As a state committee member, Shatarup has to submit details of his assets, along with those of his spouse, during the renewal of party membership, the process for which starts in April. “Unless one can prove that the car was bought from the proceeds of corruption, he is well within his rights to accept a gift from his father.... And it is clear that he will declare it during membership renewal and the party won’t have any problems with it,” said the source.
The issue did shine a light on the double standard that steers the life of some public figures.
Several Left leaders, especially those belonging to the older generation, continue to take a high moral ground by calling themselves “proletariat” and drawing a distinction between themselves and those from the “bourgeois parties”.
Kunal too picked on that posture. After Shatarup drilled holes into the suggestion of corruption, the Trinamul spokesperson fired another set of questions.
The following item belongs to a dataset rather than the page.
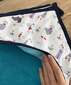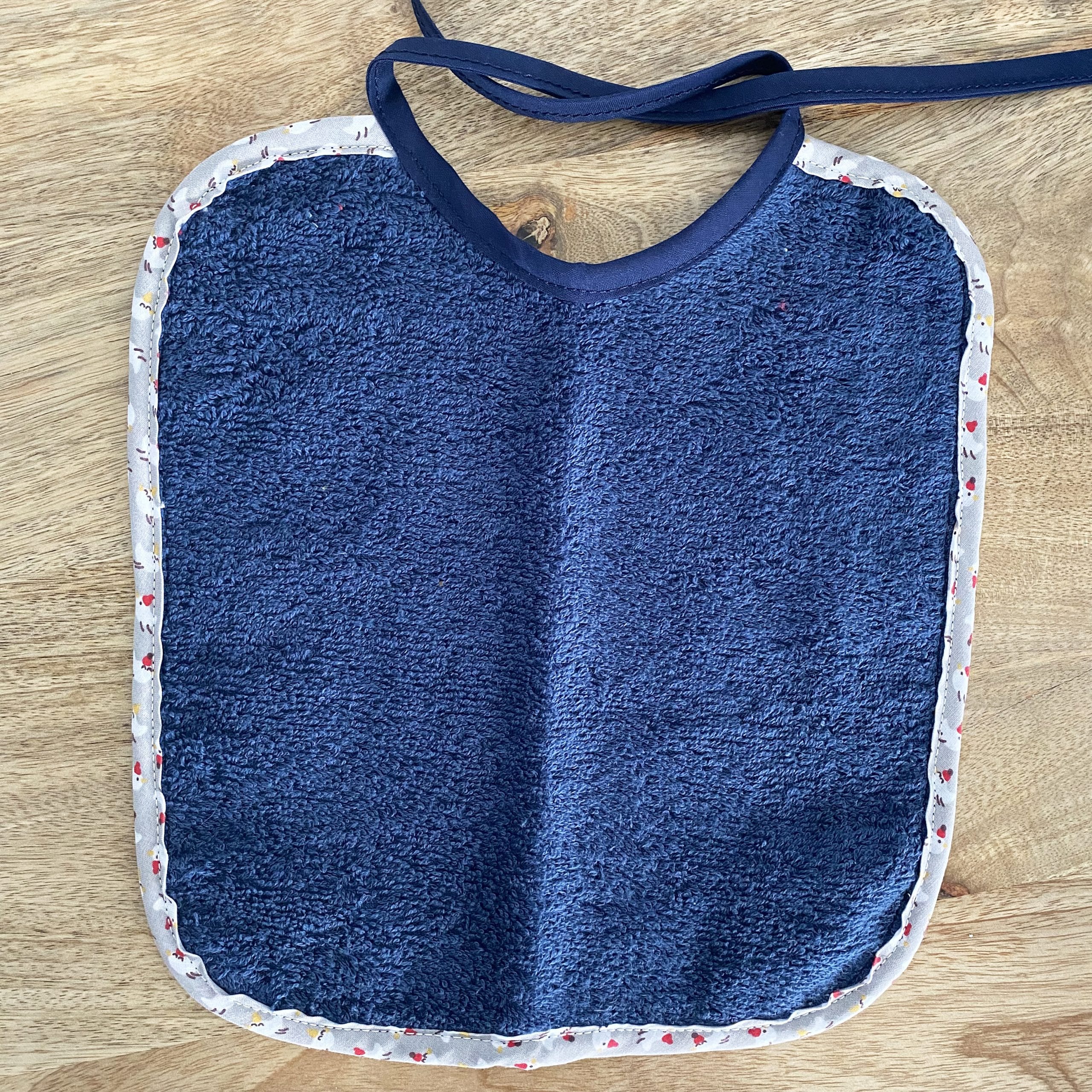 - Un bavoir avec ficelles à nouer – Hauteur 26 cm / Largeur 24 cm

“How can a CPM whole-timer afford such a luxurious car? If his father paid for it, why is the car registered in his name? The bigger question is, why will the member of the party that claims to work for the proletariat wish to own such a vehicle? Does Shatarup’s party know that he owns this car?” Kunal asked in a subsequent news conference.
The issue may appear trivial for many but not the CPM. The matter has the potential to open a pandora’s box in the CPM in view of the party’s past and the doggedness shown by a section within to prove their moral superiority.
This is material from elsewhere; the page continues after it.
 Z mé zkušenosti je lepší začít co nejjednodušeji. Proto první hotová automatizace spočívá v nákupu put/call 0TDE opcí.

“The incident has a lesson for the CPM hardliners.... They must realise and also admit that it’s a party of the middle class, too, and its leaders have aspirations like those of the rest of the middle class. Several leaders of yesteryear too had their aspirations but they tried to hide their desires from the public. Now, the time has come to drop the covers and admit that the CPM is no different from the other political parties. This honesty may help the party,” a CPM insider said.